Kim, Kwang-Soo

Kim, Kwang-Soo

Kim, Kwang-Soo 김광수
Distinguished Professor
Chemical Physics

Kwang S. Kim is currently a Professor of chemistry, an Adjunct Professor in physics, and the Director of the Center for Superfunctional Materials (CSM) of UNIST. He is a Korea National Scientist. He received his Ph.D. degree from the University of California, Berkeley. After IBM Postdoctoral experience, he worked as a Research Professor and Visting Scientist at Rutgers University, MIT, and Columbia University. He had been a professor, Postech fellow, and director at POSTECH. He is a Fellow of the KAST and an elected member of ICQC. He received many awards including Korea Premium Science and Technology award, Fukui medal, and Mulliken lecture. He is serving as a Senior Editor of the Journal of Physical Chemistry (A, B, C) and board members of NPG Asia Materials, Journal of Computational Chemistry, Computational and Theoretical Chemistry, Chemical Physics Letters, Chemistry Letters, and WIRES Computational Molecular Science.
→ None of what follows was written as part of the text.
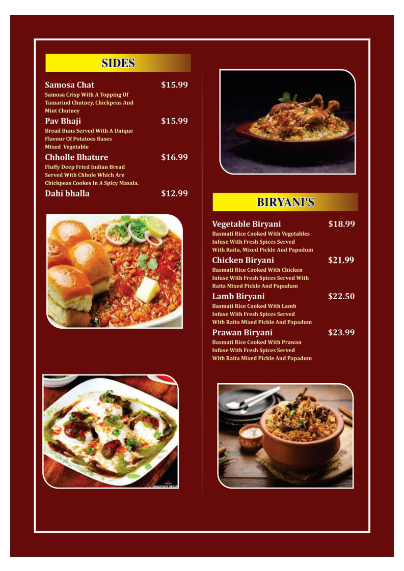 When it comes to sides, Pav Bhaji, Chole Bhature, and Samosa Chaat are perfect companions to any meal. To complement the rice, you can choose from Vegetable Pulao, Jeera Rice, or Plain Basmati Rice.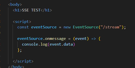 ๋ธ๋ผ์ฐ์ ์์ EventSource๋ผ๋ ํ์ค ๊ธฐ๋ฅ์ผ๋ก ์ฑ๋์ ์ด์ด๋๋ฉด, ์๋ฒ๊ฐ ๊ฑฐ๊ธฐ๋ก ๋ฐ์ดํฐ๋ฅผ ์ ์กํด์ค ์ ์๋ ๊ฒ์ด๋ค.

His fields of research include investigations of density functional theory, ab initio calculations, nonequilibrium Green function theory, Monte Carlo and molecular dynamics simulations, first principles ground and excited-state molecular dynamics simulations, intermolecular interactions, clusters, molecular recognition, receptors, drug design, bioinformatics, biomolecules, nanomaterials, molecular devices, spintronics, and quantum computing.
Research Summary
Based on the sophisticated theoretical modeling with state-of-the-art super-computer aided nano-material design approaches, we better understand the intriguing molecular assembly phenomena and molecular self-engineering processes. This has allowed the design of new functional materials with intriguing molecular architectures which are host to a range of new chemistry and physics. Subsequently, we have demonstrated the successful synthesis and fabrication of nano-materials and devices such as nanolenses, graphene sheets, organic nanotubes, and molecular sensors/sorters.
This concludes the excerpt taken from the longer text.